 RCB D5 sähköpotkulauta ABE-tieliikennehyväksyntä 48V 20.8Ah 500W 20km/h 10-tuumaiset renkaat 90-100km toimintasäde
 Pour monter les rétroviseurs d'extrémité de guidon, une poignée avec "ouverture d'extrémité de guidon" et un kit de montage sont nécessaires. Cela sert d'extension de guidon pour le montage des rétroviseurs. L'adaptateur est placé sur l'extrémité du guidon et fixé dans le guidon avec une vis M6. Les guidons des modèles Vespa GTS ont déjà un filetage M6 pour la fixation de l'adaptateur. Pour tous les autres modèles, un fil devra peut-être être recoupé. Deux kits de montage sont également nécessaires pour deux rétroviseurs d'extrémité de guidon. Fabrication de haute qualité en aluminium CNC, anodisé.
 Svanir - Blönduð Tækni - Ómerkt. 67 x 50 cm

* * *

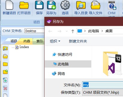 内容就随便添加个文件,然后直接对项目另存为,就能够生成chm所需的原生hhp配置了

--

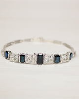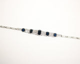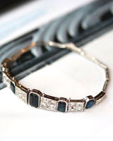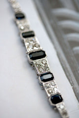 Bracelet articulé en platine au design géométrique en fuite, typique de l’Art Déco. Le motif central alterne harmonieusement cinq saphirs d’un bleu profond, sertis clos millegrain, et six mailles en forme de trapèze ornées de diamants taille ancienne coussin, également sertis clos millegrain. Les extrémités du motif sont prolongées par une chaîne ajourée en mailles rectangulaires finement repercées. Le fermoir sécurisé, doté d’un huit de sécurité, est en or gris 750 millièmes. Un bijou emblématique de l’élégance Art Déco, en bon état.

▶ _Directions for this task_
In the entries above, please find the line with "Pour monter les" and the line with "Svanir - Blönduð Tækni - Ómerkt. 67 x 50 cm", then write out exactly those two lines and every line between them, and nothing more.

▶ _Response to this task_
 Pour monter les rétroviseurs d'extrémité de guidon, une poignée avec "ouverture d'extrémité de guidon" et un kit de montage sont nécessaires. Cela sert d'extension de guidon pour le montage des rétroviseurs. L'adaptateur est placé sur l'extrémité du guidon et fixé dans le guidon avec une vis M6. Les guidons des modèles Vespa GTS ont déjà un filetage M6 pour la fixation de l'adaptateur. Pour tous les autres modèles, un fil devra peut-être être recoupé. Deux kits de montage sont également nécessaires pour deux rétroviseurs d'extrémité de guidon. Fabrication de haute qualité en aluminium CNC, anodisé.
 Svanir - Blönduð Tækni - Ómerkt. 67 x 50 cm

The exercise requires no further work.